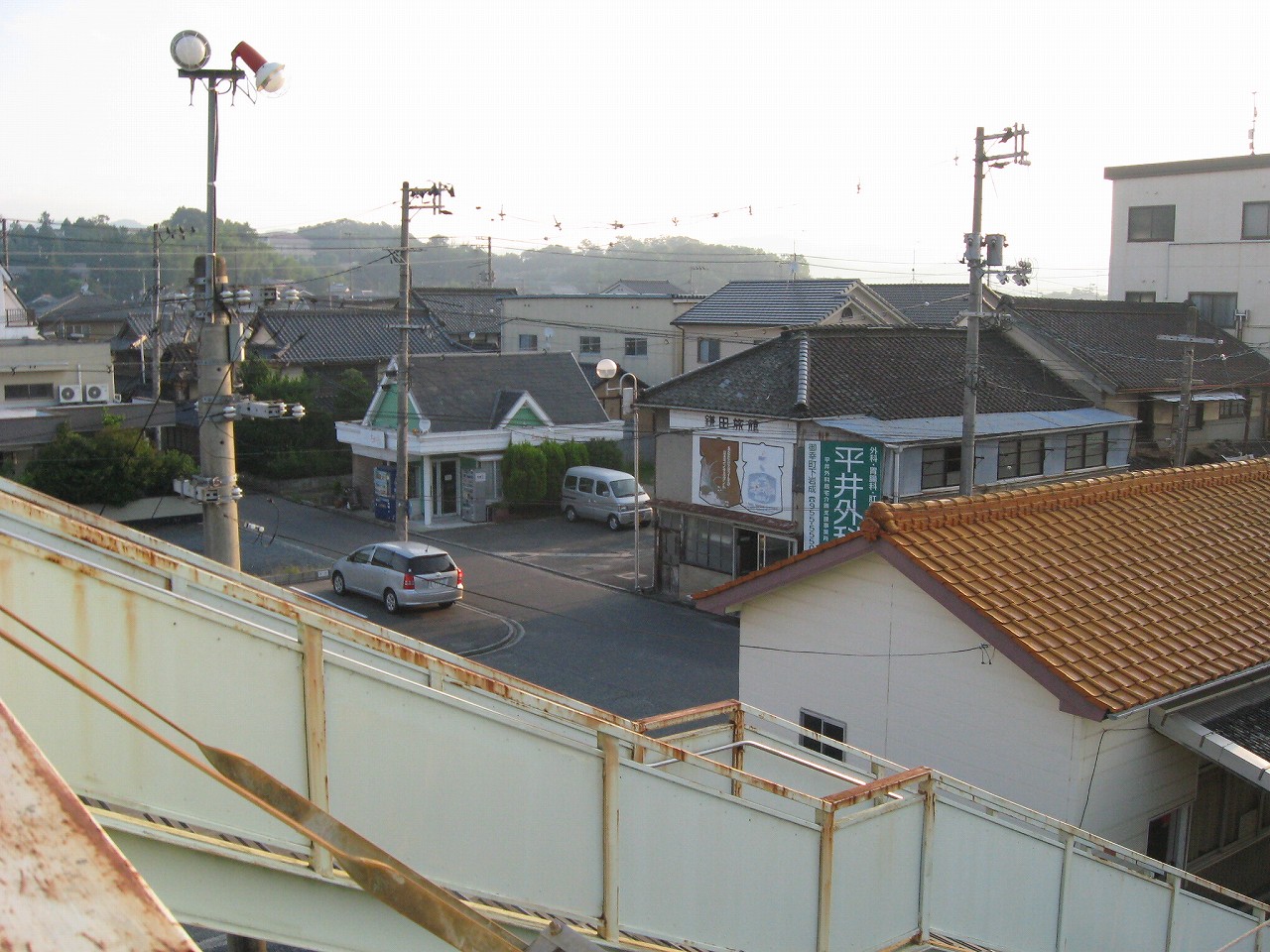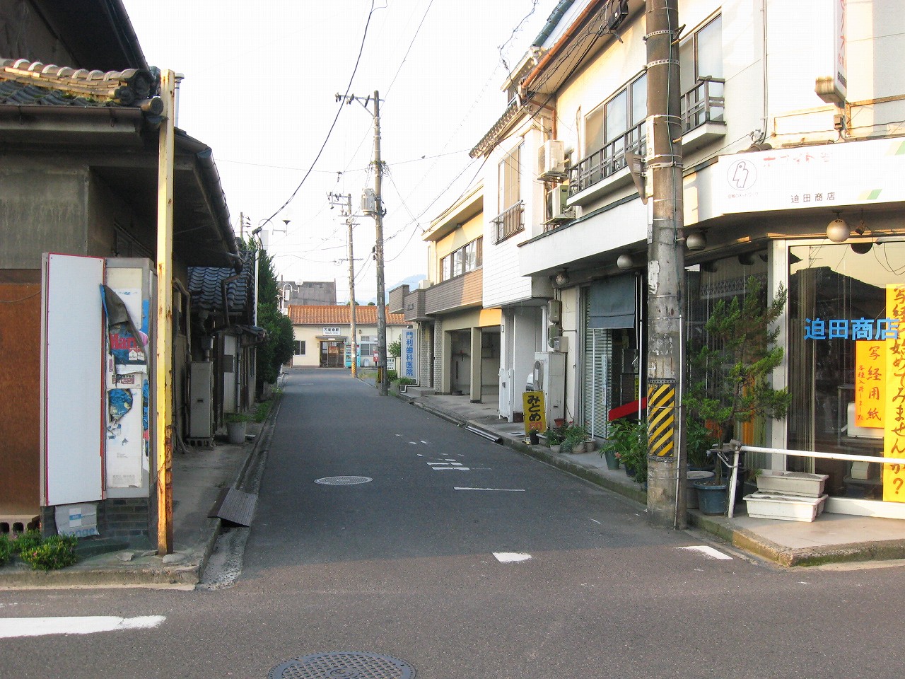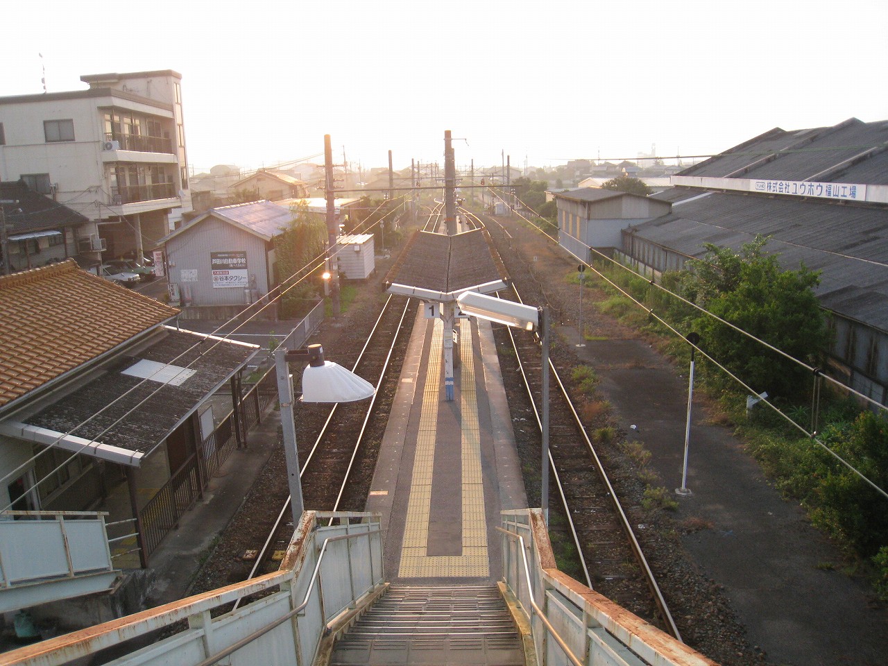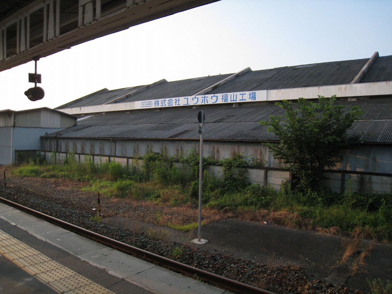 にしてもこの内陸平野は地図で見るより広々として偉大だ。きっと古代の人も、穀倉地として有望視していただろう。万能倉、なんて聞くと、そんなことを思い浮かべる。裏手には糸へん産業の工場があった。福山にとってもこの地は重要なのだろう。しかし駅はまたあの石州瓦を戴いた、木造モルタル塗りのかわいらしい建築である。見下ろす駅前には誰もおらず、ただかつての駅前旅館が、かつての町の相貌を物語っている。
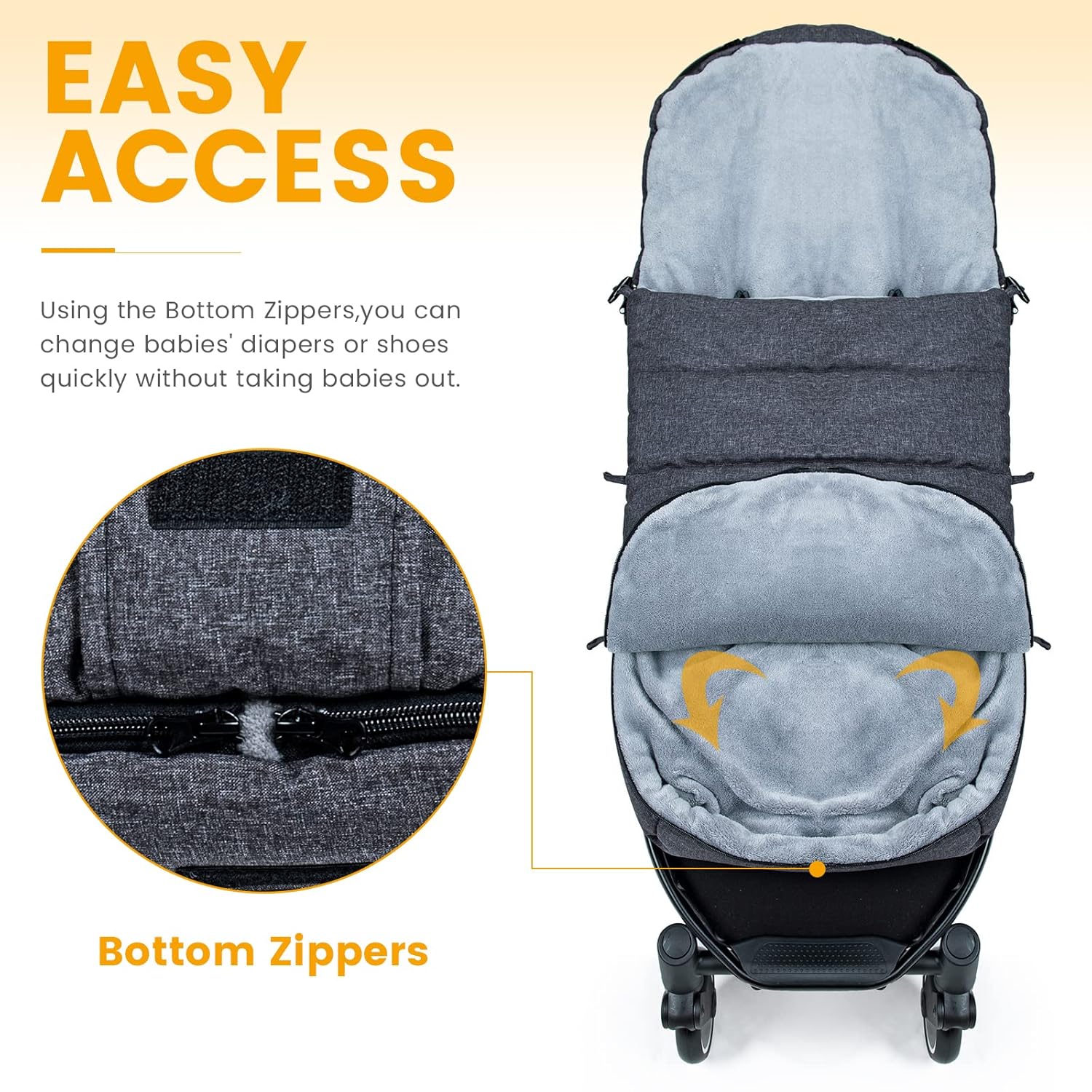 - 💡【FLEXIBLE CONTROL】: The coverage of footmuff can be changed properly by adjusting the buttons above according to the outside temperature to keep babies fairly comfortable,which can avoid feeling too hot or cold.Changing shoes,diapers and other little baby things can be done in the openable bottom without moving out babies from the footmuff, which is quite convenient and safe.
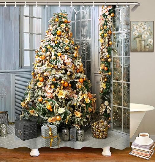 Amazon Com Vancar Christmas Shower Curtain Sparkling Christmas
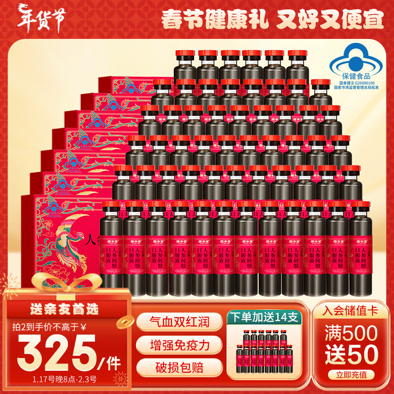 固本堂 人参阿胶口服液20ml*7支*7盒再加14支(共63支)阿胶浆女人送父母营养品年货礼盒价格:370.00元!
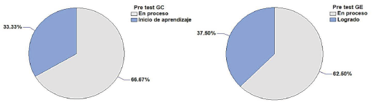Se observa también que en el GE no hay niños ubicados en el nivel de inicio de aprendizaje y los porcentajes son similares. El GE muestra un porcentaje mayor de niños con la competencia lograda al inicio de la investigación.
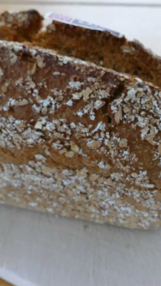 Tap the tin a little. Sprinkle oats on top. Place the loaf tin carefully in the hot pot. Cover and bake for 40 mins.
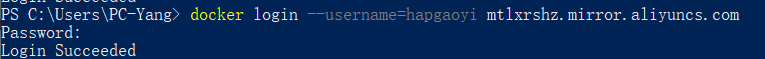 docker login --username=hapgaoyimtlxrshz.mirror.aliyuncs.com。如图:

Directions for this task>
Output exactly the lines from the line with "Tap the tin" to the last line of the records, including both, and leave every picture out.

Solution to the exercise>
 Tap the tin a little. Sprinkle oats on top. Place the loaf tin carefully in the hot pot. Cover and bake for 40 mins.
 docker login --username=hapgaoyimtlxrshz.mirror.aliyuncs.com。如图:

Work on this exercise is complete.